▶ [Task]: Beginning with the line where "Trip.comは、報道を受" appears, set down each line exactly until the records below end, and omit the pictures.

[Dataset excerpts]
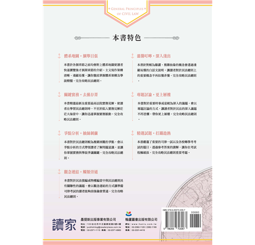 本書針對較為艱澀、複雜抽象的概念會透過淺顯易懂的白話文說明,讓讀者對於民法總則上的重要概念不再似懂非懂,完全攻略民法總則。
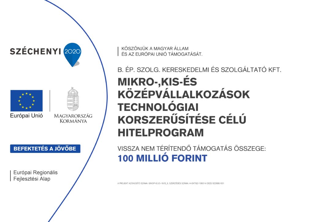 A projekt címe: Telephelyfejlesztés a B.ÉP.SZOLG Kft.-nél
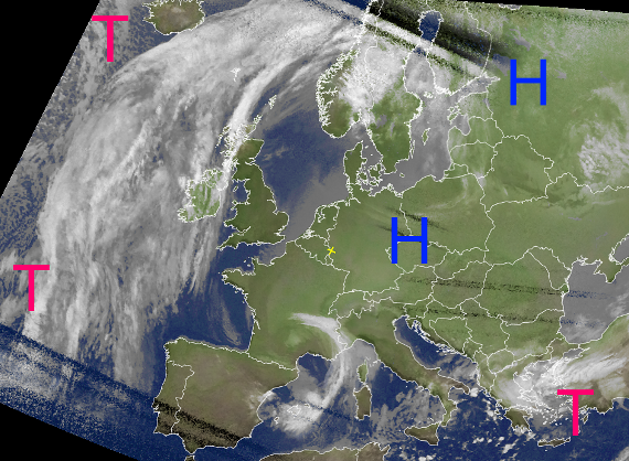 Der Wolkenbogen über Südfrankreich und dem westlichen Mittelmeer gehört zu dem kleinen unscheinbaren Höhentief, das gestern von der Nordsee nach Süden gewandert ist.
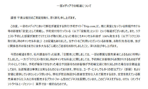 Trip.comは、報道を受けて「当サイトをご利用いただいているお客様、お取引先各社様、並びに関係各所の皆さま方には多大なるご心配とご迷惑をお掛けしましたこと、深くお詫び申し上げます」と謝罪。同サイトでは宿泊施設から直接空室を仕入れて販売する他、空室を抱えている販売業者から仕入れた枠を販売する方式を取っており、一部の悪質な業者が空販売を行っていたことが社内調査により判明したと説明しています。
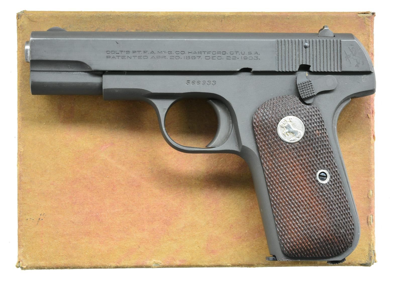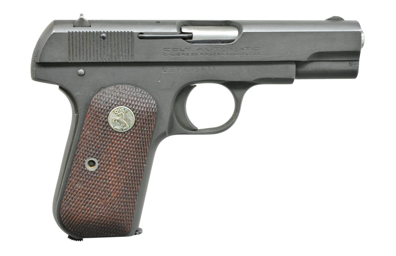 PISTOL. Cal. 32 ACP. S# 566933. Bbl. 3 3/4". Ramp front sight w/ square notch rear sight. Parkerized finish. Right side of frame is marked "U.S. PROPERTY". 2 Piece checkered walnut grips w/ Rampant Colt medallions. MAGS: 1 detachable 8 rd. UNATTACHED ACCESSORIES: Colt Mfg. Co. Inc. letter stating the following information "S# 566933 / Caliber: .32/c / Barrel Length: ---- / Finish: Parkerized / Type of Stocks: not listed / Sold to: United States Government / Shipped to Transportation Officer Springfield Armory Springfield, MA / Date of Shipment: December 30, 1944 / Number of Same Type Guns in Shipment: 1,583. / Records indicate this pistol was processed on Colt Factory Order Number 4711.". 2 Piece box w/ hand written S# containing instructions, magazine articles, cleaning rod & brush. CONDITION: 98% parkerizing showing light edge wear. Very good grips. Near excellent bore. (20-3293/DS). CURIO. $2,000-3,000.
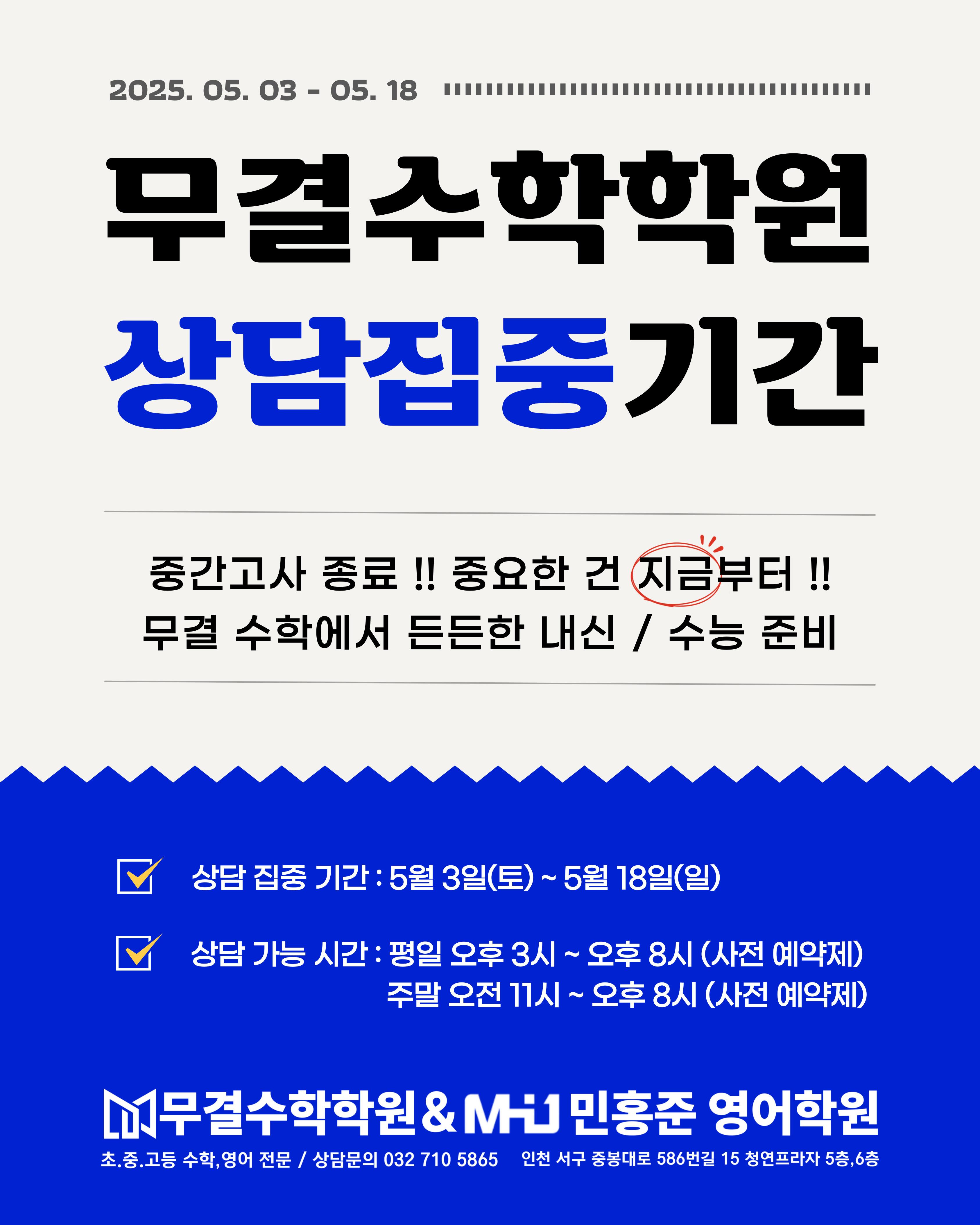 [무결수학학원 상담 집중 기간 안내] 안녕하세요, 무결수학학원입니다. 항상 우리 학원을 믿고 찾아주시는 모든 학생과 학부모님께 감사드립니다! 5월 3일(토)부터 5월 18일(일)까지 상담 집중 기간을 운영합니다! 이번 상담 집중 기간은 1학기 중간고사 이후, 학생 개개인의 학습 상황을 점검하고 맞춤형 학습 계획을 수립하기 위해 마련되었습니다. 상담 가능 시간 평일: 오후 3시 ~ 오후 8시 주말: 오전 11시 ~ 오후 8시 학생 개인별 학습 진단, 향후 학습 방향, 성적 향상 전략 등에 대해 1:1 맞춤 상담을 진행하오니, 많은 관심 부탁드립니다! 상담 예약은 네이버 예약 또는 유선 전화로 사전 예약하실 수 있습니다 우리 청라수학학원 무결수학학원은 항상 학생들의 성장을 최우선으로 생각합니다. 네이버 지도, 네이버 예약, 네이버 플레이스를 통해 간편하게 상담 신청이 가능합니다. 감사합니다!

▶ [Output]:
 Trip.comは、報道を受けて「当サイトをご利用いただいているお客様、お取引先各社様、並びに関係各所の皆さま方には多大なるご心配とご迷惑をお掛けしましたこと、深くお詫び申し上げます」と謝罪。同サイトでは宿泊施設から直接空室を仕入れて販売する他、空室を抱えている販売業者から仕入れた枠を販売する方式を取っており、一部の悪質な業者が空販売を行っていたことが社内調査により判明したと説明しています。
 PISTOL. Cal. 32 ACP. S# 566933. Bbl. 3 3/4". Ramp front sight w/ square notch rear sight. Parkerized finish. Right side of frame is marked "U.S. PROPERTY". 2 Piece checkered walnut grips w/ Rampant Colt medallions. MAGS: 1 detachable 8 rd. UNATTACHED ACCESSORIES: Colt Mfg. Co. Inc. letter stating the following information "S# 566933 / Caliber: .32/c / Barrel Length: ---- / Finish: Parkerized / Type of Stocks: not listed / Sold to: United States Government / Shipped to Transportation Officer Springfield Armory Springfield, MA / Date of Shipment: December 30, 1944 / Number of Same Type Guns in Shipment: 1,583. / Records indicate this pistol was processed on Colt Factory Order Number 4711.". 2 Piece box w/ hand written S# containing instructions, magazine articles, cleaning rod & brush. CONDITION: 98% parkerizing showing light edge wear. Very good grips. Near excellent bore. (20-3293/DS). CURIO. $2,000-3,000.
 [무결수학학원 상담 집중 기간 안내] 안녕하세요, 무결수학학원입니다. 항상 우리 학원을 믿고 찾아주시는 모든 학생과 학부모님께 감사드립니다! 5월 3일(토)부터 5월 18일(일)까지 상담 집중 기간을 운영합니다! 이번 상담 집중 기간은 1학기 중간고사 이후, 학생 개개인의 학습 상황을 점검하고 맞춤형 학습 계획을 수립하기 위해 마련되었습니다. 상담 가능 시간 평일: 오후 3시 ~ 오후 8시 주말: 오전 11시 ~ 오후 8시 학생 개인별 학습 진단, 향후 학습 방향, 성적 향상 전략 등에 대해 1:1 맞춤 상담을 진행하오니, 많은 관심 부탁드립니다! 상담 예약은 네이버 예약 또는 유선 전화로 사전 예약하실 수 있습니다 우리 청라수학학원 무결수학학원은 항상 학생들의 성장을 최우선으로 생각합니다. 네이버 지도, 네이버 예약, 네이버 플레이스를 통해 간편하게 상담 신청이 가능합니다. 감사합니다!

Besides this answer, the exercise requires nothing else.